I heard a lot of stuff about the aluminum rods traditionally used in WH's being one of the possible sources for Alzheimers. So I make sure I use WH's with magnesium rods...just to be sure. I've also heard rumors that old water heaters can be loaded with temperature resistant bacteria and other growths that may cause a bad taste or health issues. Some recommend turning the WH temps up to full tilt for 4-6 hours once a year or so.
Generally the higher the WH temps, the shorter the WH life, but not by a lot.
When replacing a WH, its a good idea to consider installing a thermal expansion tank. These are little bladder filled tanks, look like a small gas grill propane tank, and they're filled with air to a pressure matching your houses internal water pressure. Should an overpressure situation occur from heating the water, the tank will absorb that. Some homes water main valves allow overpressure backflow into the water system...many newer homes or ones that have had their water main valve/meter are non backflow systems and are 'closed'. I've seen closed systems with a big water heater and no expansion tank hit 90-120PSI. Most household plumbing can only take up to 80. Some plumbers overcome potential overpressure situations by installing a cheap inlet valve in a toilet somewhere in the house, and when the pressure goes over 80, that toilet will cycle and let off the overpressure. Which works great until the homeowner replaces that valve with a good one.
So if you hear your toilets cycling, your plastic refrigerator icemaker water line keeps breaking, or you have excessive plumbing leaks...thats probably the problem.
Cleaning WH's is another area of dissension. Most WH's are actually fairly hard to clean sediment out of. Opening the water valve with a bucket under it or a hose will only get some of the sediment. A pretty small amount. Turning the water off, draining it entirely, then turning the water on can create some turbulence and remove some more...but its a lot of stress on the tank and the stock el cheapo drain valves they put on most WH's these days will absolutely start leaking on you if you fool around with it too much. Some WH's have 'rotoswirl' or self cleaning inlet tubes. They sort of work a little bit. Some companies make replacement cold water inlet tubes you can install in a new WH that are allegedly better than the stock self cleaning tubes.

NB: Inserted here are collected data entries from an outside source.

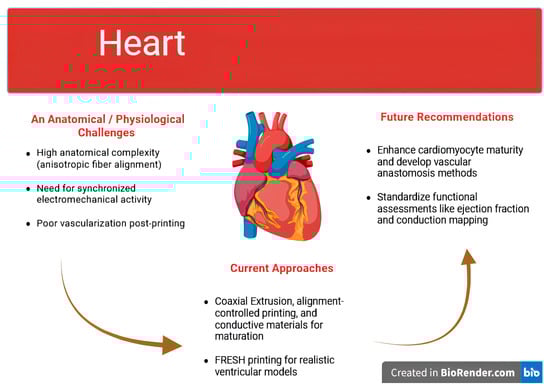 The human heart is a biomechanically and electrophysiologically complex organ, making it one of the most demanding targets for regenerative bioprinting. It is composed of multiple, functionally specialized cell types, primarily cardiomyocytes, fibroblasts, vascular endothelial cells, and smooth muscle cells, arranged in a highly anisotropic and hierarchical manner. This alignment is critical for the propagation of electrical signals and the generation of synchronized contractions. The left ventricular myocardium, for example, exhibits helically oriented fiber layers that optimize ejection fraction and mechanical efficiency. Any construct intended to replace or augment cardiac tissue must replicate not only the structural layout but also the functional integration of excitation–contraction coupling [20].
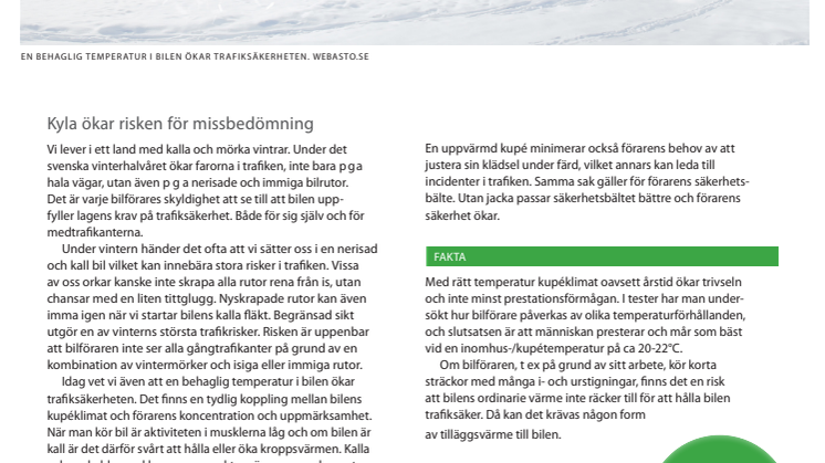 Idag vet vi även att en behaglig temperatur i bilen ökar trafiksäkerheten. Det finns en tydlig koppling mellan bilens kupéklimat och förarens koncentration och uppmärksamhet. När man kör bil är aktiviteten i musklerna låg och om bilen är kall är det därför svårt att hålla eller öka kroppsvärmen. Kalla och nerkylda muskler reagerar saktare än varma och prestationsförmågan försämras. Vi vet även att obehag av kyla ökar risken för missbedömningar.
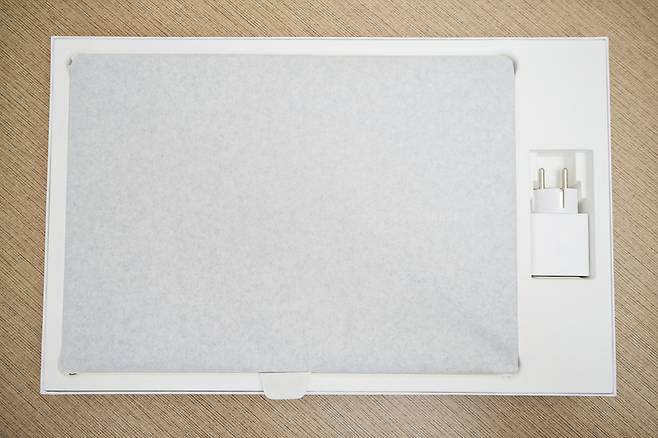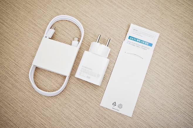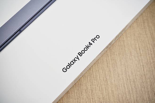 제품패키징은 상당히 깔끔하게 구성되어 있습니다. 갤럭시북4프로 본체와 어댑터, C to C 케이블, AS 및 안내카드로 심플합니다.
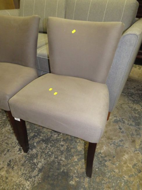 A PAIR OF MODERN UPHOLSTERED BEDROOM CHAIRS WITH PATTERNED BACKS
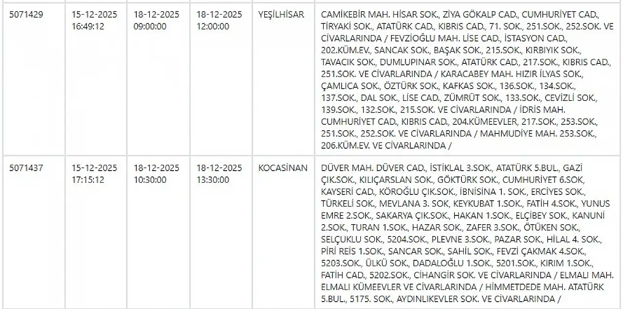 KCETAŞ’tan edinilen bilgilere göre yarın (18 Aralık 2025) aşağıdaki ilçe ve mahallelerde elektrik kesintisi yaşanacak.
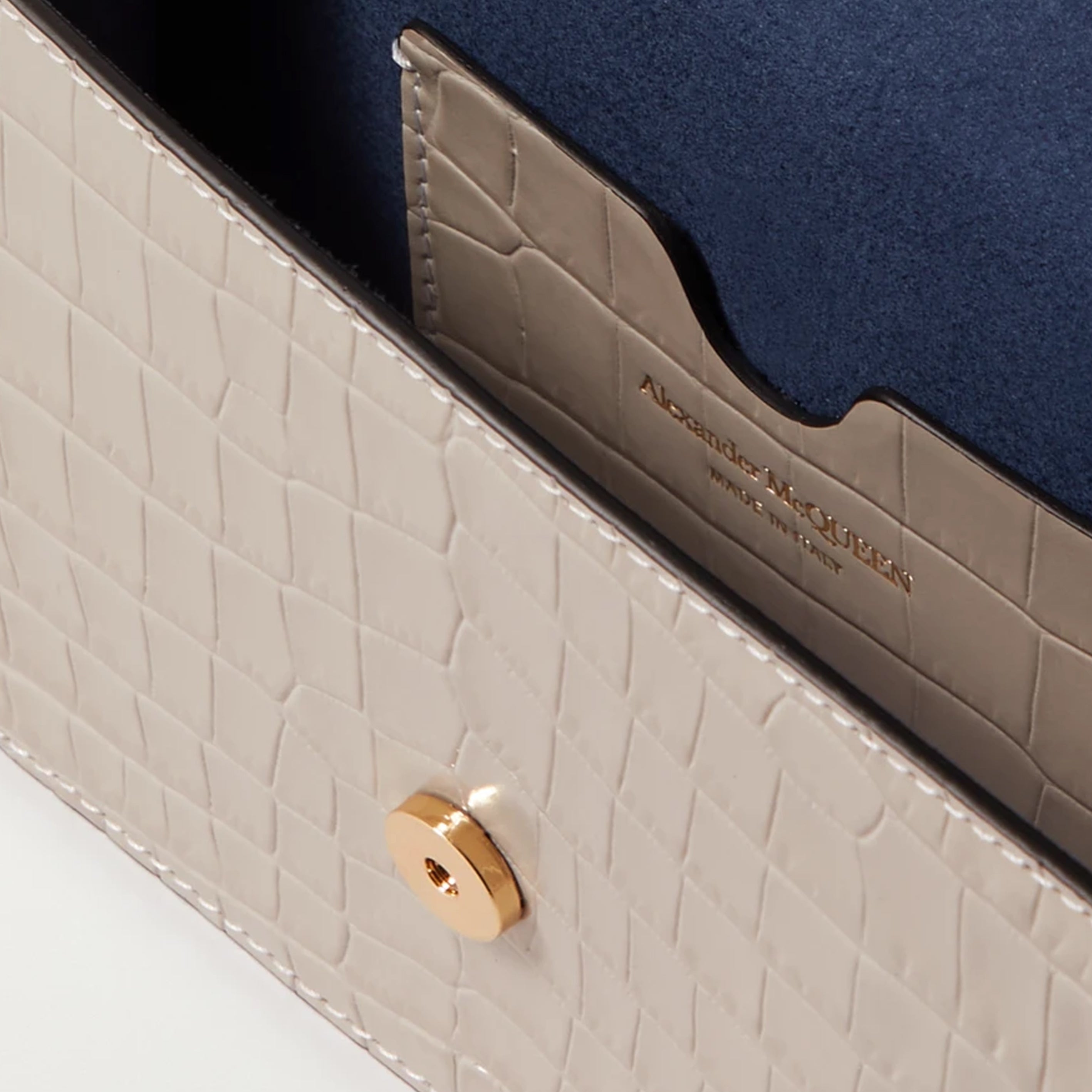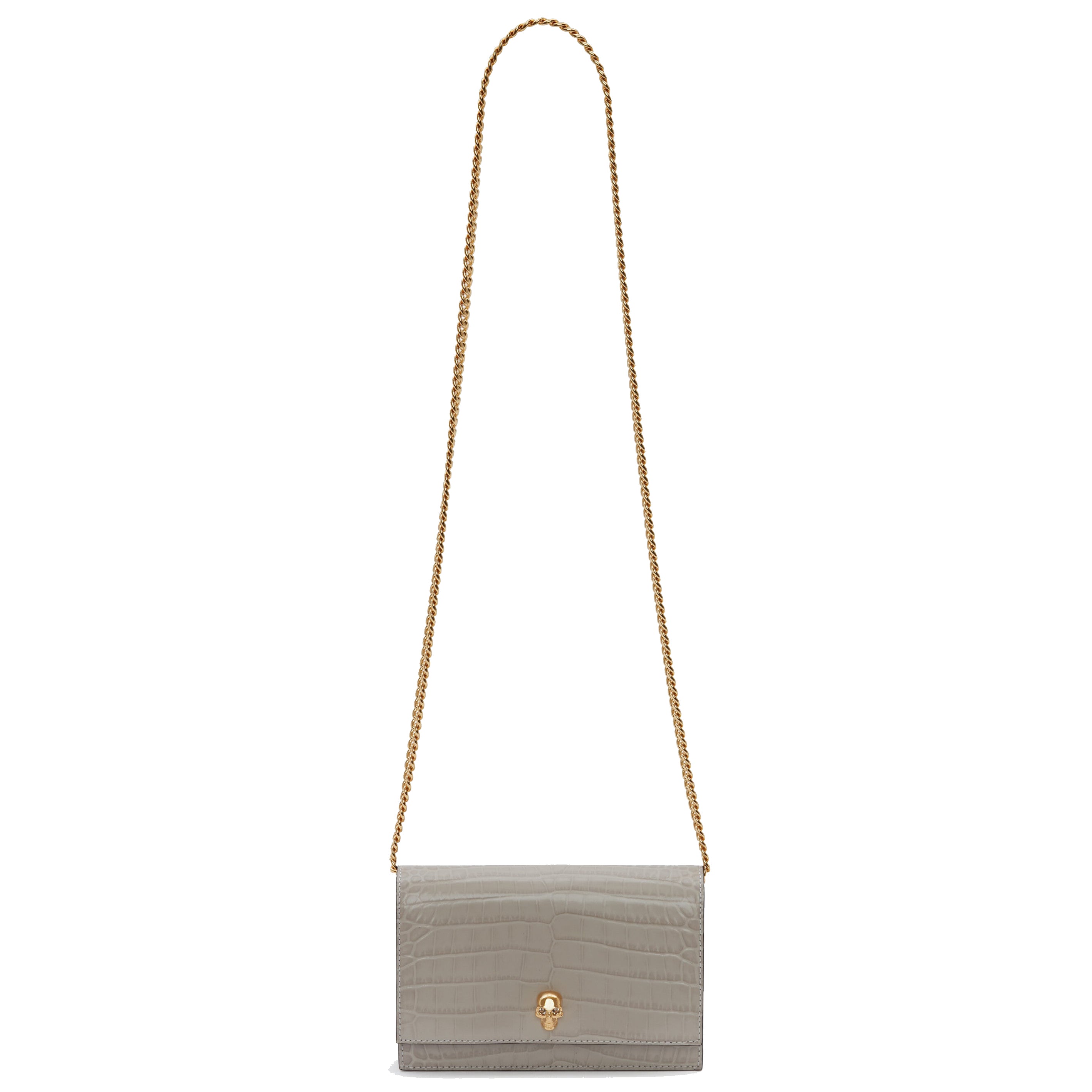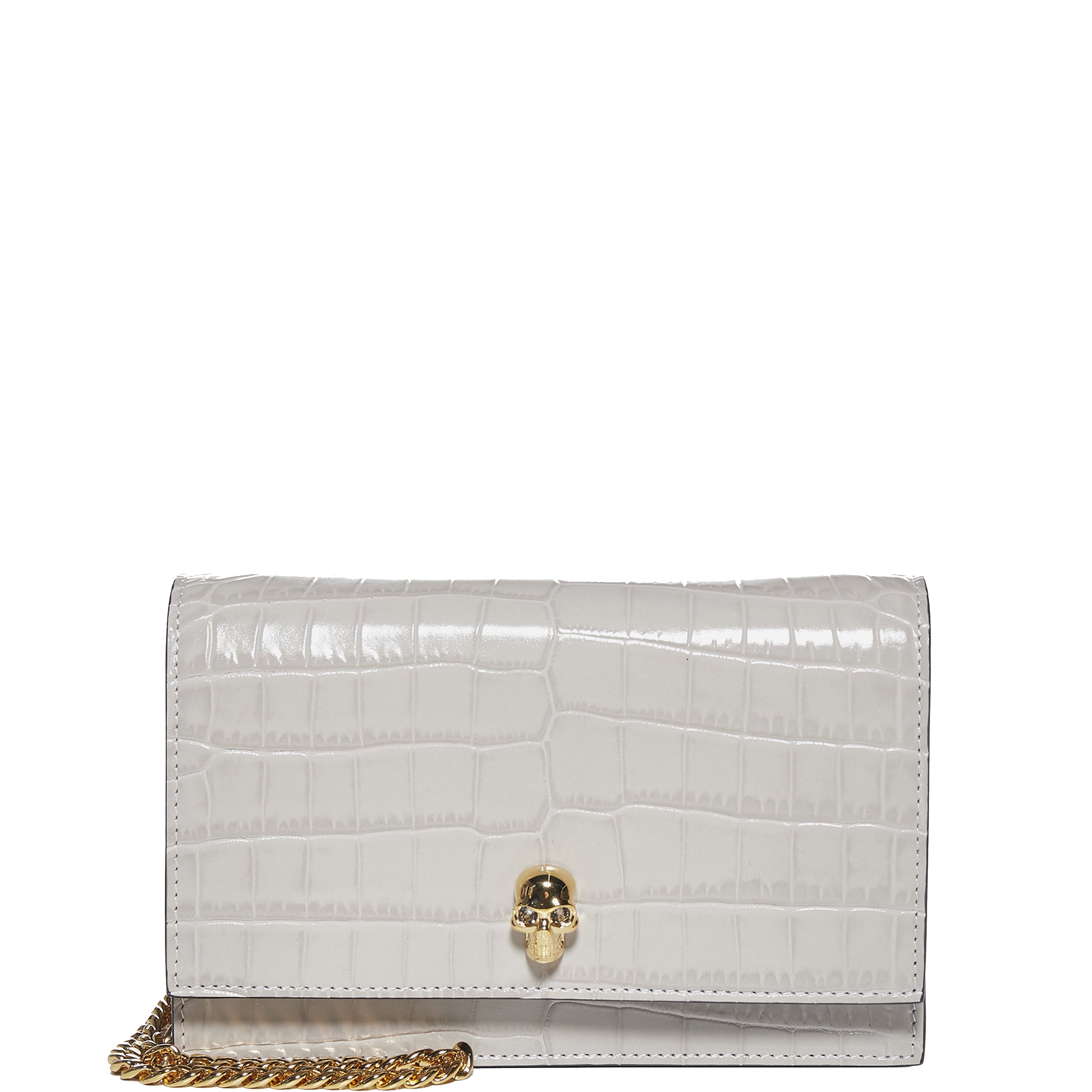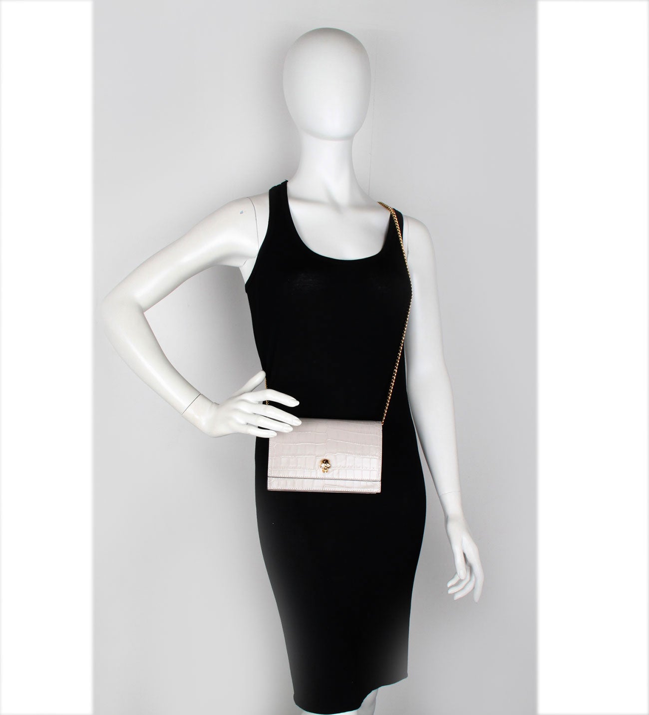 Alexander McQueen black shiny croc-effect leather Mini Skull bag with a gold finished skull and chain strap. This bag features one central compartment, one card pocket and snap button closure. Accomodates smartphones.

Most plumbers dont feel these work very well either but they're better than nothing. One plumber I know suggests just leaving the damn thing alone as he feels the draining process may cause more problems than it solves.
Its almost a certainty that a 12-15 year old WH, even one thats been drained regularly, will have a foot or two of rock hard sediment in the bottom, which will inhibit efficient heating and reduce the capacity of the heater.
Given that WH replacement labor is often as much or more than the WH itself, it makes sense to find and install a quality product that will last. Spending $400 every six years to replace a $300 water heater makes little sense when you can spend $400 every twelve years to install a $400 water heater.
You can save a little money by buying a six year heater and buying a second anode rod to install in the hot water outlet yourself just prior to installing the WH. In effect you'll be making a 12 year WH with a 6 year warranty for about $80 less.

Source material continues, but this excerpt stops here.